はじめに、決算書とはどのような書類なのか整理しておきましょう。決算書には多くの種類があるため、よく参照される書類と記載事項の概要を理解しておくことが大切です。

企業の経営状態を事業年度ごとに記載した書類

決算書とは、企業の経営状態を事業年度ごとに記載した書類のことです。決算書という呼び方は通称で、金融商品取引法では「財務諸表」、会社法では「計算書類」と呼ばれます。これらの書類は1つにまとめられているのではなく、複数の書類から構成されていることが大きなポイントです。

決算書の中でも貸借対照表・損益計算書・キャッシュフロー計算書は「財務三表」と呼ばれ、とくに重要度の高い書類とされています。貸借対照表と損益計算書は、期末に所轄税務署へ提出するようすべての企業に義務付けられている書類です。一方、キャッシュフロー計算書に関しては未上場の企業には提出義務がありません。

決算書の種類

決算書の中でもとくに重要度が高い財務三表と、株主資本等変動計算書・個別注記表について、主な記載事項を紹介します。

貸借対照表

貸借対照表(Balance Seat、B/S)は、決算時点での企業の資産の流れをまとめた書類です。企業の「資産」と、企業に返済義務がある「負債」、企業に返済義務がない「純資産」を確認できます。これらの情報から、会社がどのようにして資金を集め、何に投資したのかを読み解くことが可能です。

損益計算書

損益計算書(Profit and Loss Statement、P/L)は、ある期間における企業の収益と、企業が使った経費、収益から経費を引いた最終的な利益を確認できる書類です。つまり、会社が売上をどのようにして作り、その結果どれだけの利益を確保できたのかがわかります。

キャッシュフロー計算書

キャッシュフロー計算書(Cash flow、C/F)は、ある期間のお金の流れをまとめた書類です。現金・預金の動きはもちろんのこと、有価証券や投資信託など投資活動の動きも読み取れます。これにより、事業活動を通じてお金がどのように動いたのかを確認することが可能です。

株主資本等変動計算書

株主資産等変動計算書とは、貸借対照表に示される「資産の部」の変動額のうち、株主に帰属する部分である株主資本の各項目の変動事由を報告するために作成される書類のことです。株主資本である「資本金」や「資本剰余金」などの流れについて、期首の残高と期末の残高を確認できます。

個別注記表

個別注記表は、決算書にまつわる補足情報を記載する書類です。重要な会計方針に関する注記、貸借対照表に関する注記、損益計算書に関する注記等、今まで各計算書類に記載されていた注記を一覧にして表示します。決算書に対する理解を深めてもらうことや、誤解を与えかねない点を補足することが主な役割です。

決算書はなぜ作成する必要があるのか

決算書を作成する主な目的として、次の3点が挙げられます。

  • 税務署への提出義務を果たすため
  • 経営の成果を対外的に伝えるため
  • 自社の経営状態を把握するため

前述のとおり、期末に所定の決算書を提出するのは企業に課された義務の1つです。しかしながら、決算書は申告のためだけに作成するものではありません。株主や取引先、金融機関といったステークホルダーに自社の経営状態を正確に伝えることも、決算書が果たす重要な役割の1つです。また、自社の経営状態を適切に分析し、改善に役立てるには決算書を参照する必要があります。このように、決算書が社内外において重要な書類であることを認識しておくことが大切です。

決算書の読み方

電卓と虫眼鏡が並べて置かれている写真。 決算書の内容を詳しく確認・分析することをイメージさせる構図。

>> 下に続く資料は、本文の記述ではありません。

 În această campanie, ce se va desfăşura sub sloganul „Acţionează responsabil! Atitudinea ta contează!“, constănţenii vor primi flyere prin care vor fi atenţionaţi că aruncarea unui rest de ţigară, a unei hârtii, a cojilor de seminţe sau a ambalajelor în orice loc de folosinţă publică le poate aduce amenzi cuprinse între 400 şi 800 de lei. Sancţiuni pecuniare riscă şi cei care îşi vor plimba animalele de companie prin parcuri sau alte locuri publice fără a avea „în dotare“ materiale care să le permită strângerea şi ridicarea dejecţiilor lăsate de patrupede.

ここからは、決算書の具体的な読み方について解説していきます。

1. 貸借対照表の読み方

損益計算書の構成を示す図で、売上高から営業利益・経常利益・当期純利益までの流れを段階的に表している。 販売費や営業費用など、利益構造の理解を助ける図解。

貸借対照表には、企業の資金調達方法や資産状況が示されています。貸借対照表の左側に記載されているのが「資産」、右側に記載されているのが「負債」と「純資産」です。企業が所有しているものが「資産」、企業が返済しなければならないものが「負債」、企業の自己資本(返済の必要がないもの)が「純資産」と覚えるとよいでしょう。

資産の部

資産には、「流動資産」と「固定資産」があります。

「流動資産」の具体例としては、現金預金や受取手形、株式などが挙げられます。決算時点で取引先から回収できていない売上の対価(売掛金)も「流動資産」に含まれる点に注意が必要です。売掛金は決算時点では収益にはなっていないものの、すでに収益となることが決まっているため、資産として計上します。

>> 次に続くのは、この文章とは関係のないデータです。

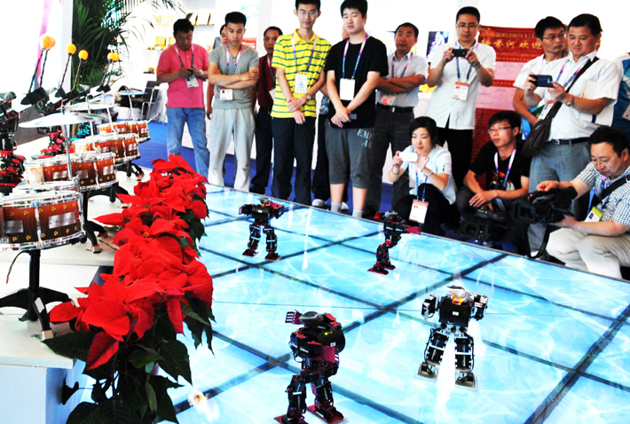 第24屆中國(guó)哈爾濱國(guó)際經(jīng)濟(jì)貿(mào)易洽談會(huì)的高新技術(shù)展區(qū),機(jī)器人舞蹈吸引了參會(huì)者的眼球。哈洽會(huì)是惟一被寫入中俄兩國(guó)元首會(huì)晤聯(lián)合公告的展會(huì)。記者王建威/攝 |

また、土地や建物などの「固定資産」なども資産に含まれます。「固定資産」と「流動資産」との違いは、「1年以内に金銭に変わるかどうか」です。土地や建物のように1年以内に現金化されないものや長期にわたるものはすべて「固定資産」とします。

負債の部

負債の部では、企業に返済義務が課されている「負債」を確認できます。資産と同様、1年を基準に、1年以内に返さなければならないものが「流動負債」、長期にわたって返済義務があるものが「固定負債」です。

「流動負債」の具体例としては、短期借入金や未払金、まだ支払っていない仕入れの対価(買掛金)などが挙げられます。一方、社債や退職給付引当金などは「固定負債」です。

純資産の部

純資産の部では、資本金や自己株式について確認できます。「資産」が決算日時点で企業が保有している財産を指すのに対し、「純資産」は企業側の返済義務がない資産を指します。

2. 損益計算書の読み方

損益計算書の見本を示した図で、売上総利益の位置を赤枠で強調している。 企業の収益構造を理解するための基本的な損益計算書の形式を示している。

損益計算書では「費用」と「純利益」、「収益」を確認できます。

企業の売上を「収益」、一定期間内に企業が使用した経費を「費用」、「収益」から「費用」を引いた儲けを「純利益」といいます。これらの関係性を下図のように整理して覚えておくのがポイントです。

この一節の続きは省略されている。